When I first got the starter, I experimented with sourdough bread for a couple of weeks and found the San Francisco bread to be the tastiest, especially as french toast. I also made an incredible pizza crust and can't for the life of me find the recipe I used. When I tried to duplicate it on Deacon's Birthday, it majorly flopped and I sent Andy out to Little Caesar's just before our company arrived.
Here's what's been going on in the land of sourdough bread at my house this week. It seems like a lot of work, but it's REALLY not. I'm finding that sourdough bread can be quite flexible for you as long as it has enough time to do its thing. And if you don't have enough time, just add some commercial yeast to help it rise like normal bread.
- Sunday: Fed Sourdough Starter and let sit overnight
- Monday: Started a sponge for sanfrancisco sourdough by adding flour and water to some starter and letting sit for 24 hours
- Tuesday: Added more flour, water and salt to sponge to make bread dough, kneaded for 15 minutes, let rise 2 hours, deflated, let rise another hour, kneaded again a tiny bit and put into loaf pans. By now, It's like 9:00pm, so I put the bread in the fridge so that it wouldn't rise too much.
- Wednesday: The bread didn't rise much in the fridge so it is now rising in the oven with the light on.

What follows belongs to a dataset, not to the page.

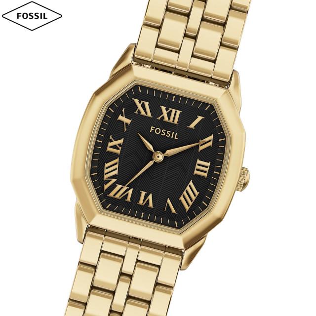 ゴールドトーンのステンレススチール製八角形ケースは、この時計に独特の幾何学的なデザインをもたらし、ゴールドトーンのステンレススチール製ブレスレットとマッチしています。ブラックの質感のあるダイヤルが繊細なコントラストと奥行きを生み出し、三針機能で簡単に時間を計ることができます。考え抜かれたクラフツマンシップでデザインされ、モダンな素材とすっきりとしたラインを組み合わせた、洗練されながらも親しみやすいデザインです。【フォッシル FOSSIL 2025 新作】

I expect to start baking this bread within the next hour. It's fun because you get to spritz the side of the oven with water and watch it steam up. That makes the crust nice and hard.
And here's the other yummy living food I made this week.
Homemade yogurt isn't as difficult as it seems either. All you need is milk and some yogurt or a yogurt starter. I have a yogurt maker so I use the directions from it, but I have heard that you really don't need one to make your own. You can use a crock pot or your oven to make it. Honestly, it really tastes the best with whole milk both thickness and texture but you can make it reduced fat or fat free by thickening it up with powdered milk which I have done before. It is a great healthy alternative to commercial yogurt to give to the children also. Deacon likes his with crunchies (granola) on top. I like to put a bit of honey to sweeten it as well.
So there you have it, some good old fashioned food science right here in my kitchen.
The bedroom is still in the works, we ran out of paint so we have just a bit more to go before it is completely painted. I have a few DIY decorating projects that I'm planning to do in there too. I'm excited. My first order of business is to go buy a staple gun.